• **YOUR GOAL**
Copy the material below verbatim from the line with "A prominent place" to the line with "Zara Eyelet Peplum", both lines included, omitting pictures and every line outside that range.

• **GIVEN INFORMATION**
= = =

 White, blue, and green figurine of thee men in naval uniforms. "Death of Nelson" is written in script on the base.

= = =

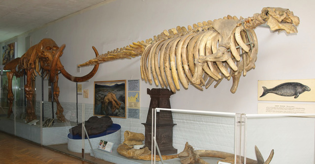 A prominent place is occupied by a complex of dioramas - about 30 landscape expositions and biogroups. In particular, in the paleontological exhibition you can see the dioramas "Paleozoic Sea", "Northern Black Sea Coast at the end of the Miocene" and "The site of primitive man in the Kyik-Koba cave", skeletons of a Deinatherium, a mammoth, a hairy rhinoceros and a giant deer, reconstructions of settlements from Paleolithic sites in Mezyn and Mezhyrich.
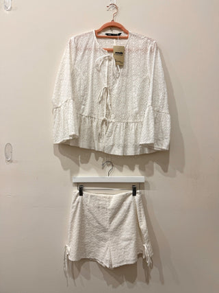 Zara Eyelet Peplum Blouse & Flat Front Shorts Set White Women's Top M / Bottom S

= = =

• **RESULT**
 A prominent place is occupied by a complex of dioramas - about 30 landscape expositions and biogroups. In particular, in the paleontological exhibition you can see the dioramas "Paleozoic Sea", "Northern Black Sea Coast at the end of the Miocene" and "The site of primitive man in the Kyik-Koba cave", skeletons of a Deinatherium, a mammoth, a hairy rhinoceros and a giant deer, reconstructions of settlements from Paleolithic sites in Mezyn and Mezhyrich.
 Zara Eyelet Peplum Blouse & Flat Front Shorts Set White Women's Top M / Bottom S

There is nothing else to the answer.